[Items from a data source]
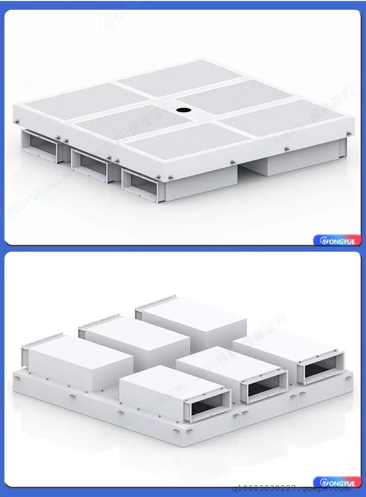 D 均流模式:多块网孔板组合,出风均韵,静电粉末喷涂,和墙顶面同色,表面效果好;
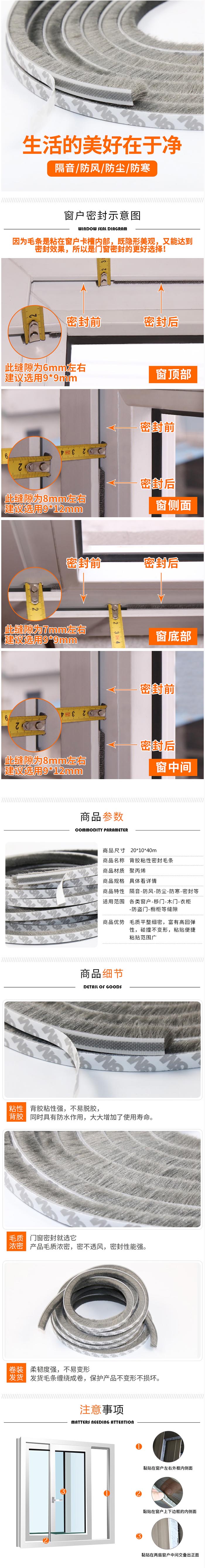 鋁合金門窗密封條塑鋼窗戶保溫隔音自粘型玻璃木門縫防風保暖毛條20*10*40M
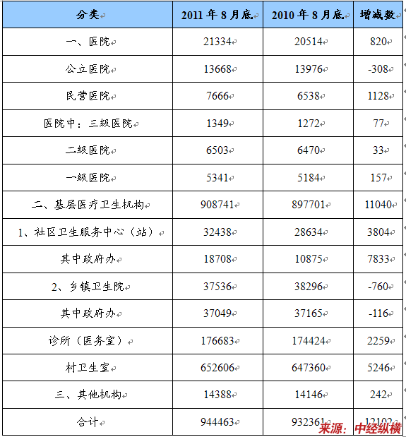 与2010年8月底比较,全国医疗卫生机构增加12102个,其中:医院增加820个,基层医疗卫生机构增加11040个。基层医疗卫生机构中:社区卫生服务中心(站)增加3804个,乡镇卫生院减少760个,村卫生室增加5246个,诊所(医务室)增加2259个。
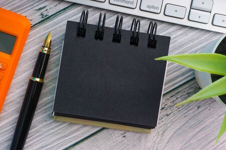 Flat lay and Business Concept. Fountain pen, keyboard, decorative plant, calculator and notepad on wooden background. Copy space
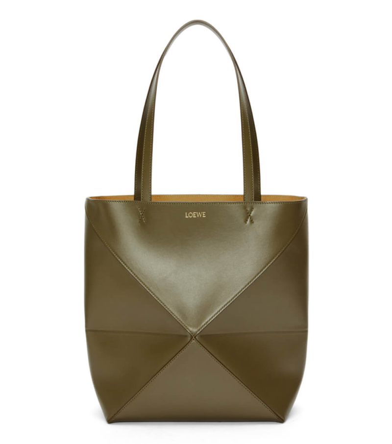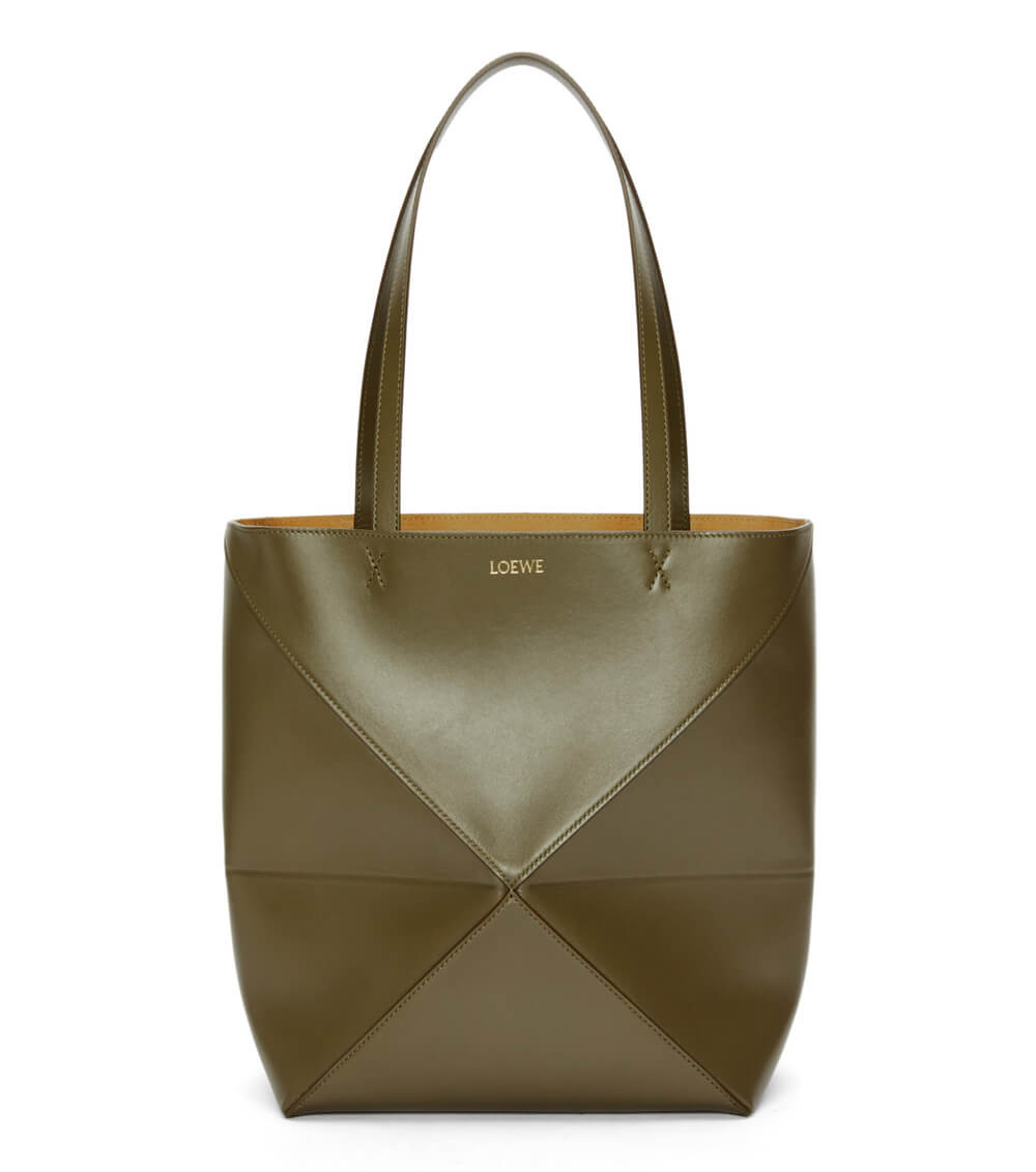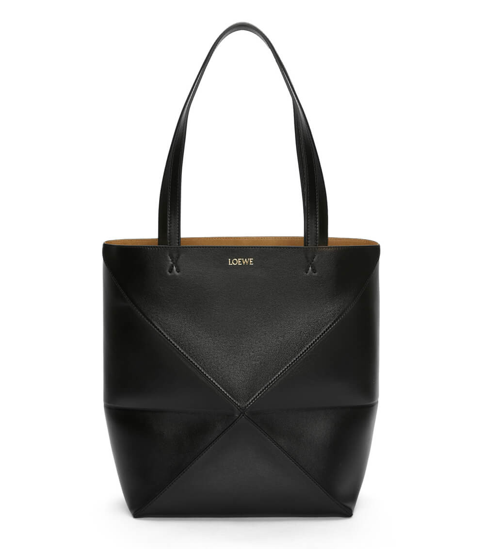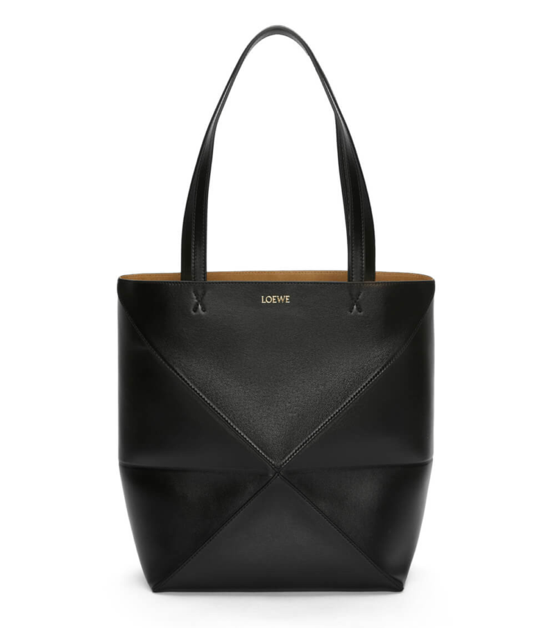 This tote bag features an innovative design inspired by clean, geometric lines. Its clever construction, with graphic and architectural panels, allows it to fold completely flat, making it an ideal companion for travel and easy storage. Crafted from shiny, supple calfskin, this bag offers a soft and lightweight feel while combining inventive design with everyday practicality.

▸ Task item:
Write out exactly the lines from the one containing "Flat lay and" to the last line of the records above, both included, and leave out any pictures.

▸ Answer to the exercise:
 Flat lay and Business Concept. Fountain pen, keyboard, decorative plant, calculator and notepad on wooden background. Copy space
 This tote bag features an innovative design inspired by clean, geometric lines. Its clever construction, with graphic and architectural panels, allows it to fold completely flat, making it an ideal companion for travel and easy storage. Crafted from shiny, supple calfskin, this bag offers a soft and lightweight feel while combining inventive design with everyday practicality.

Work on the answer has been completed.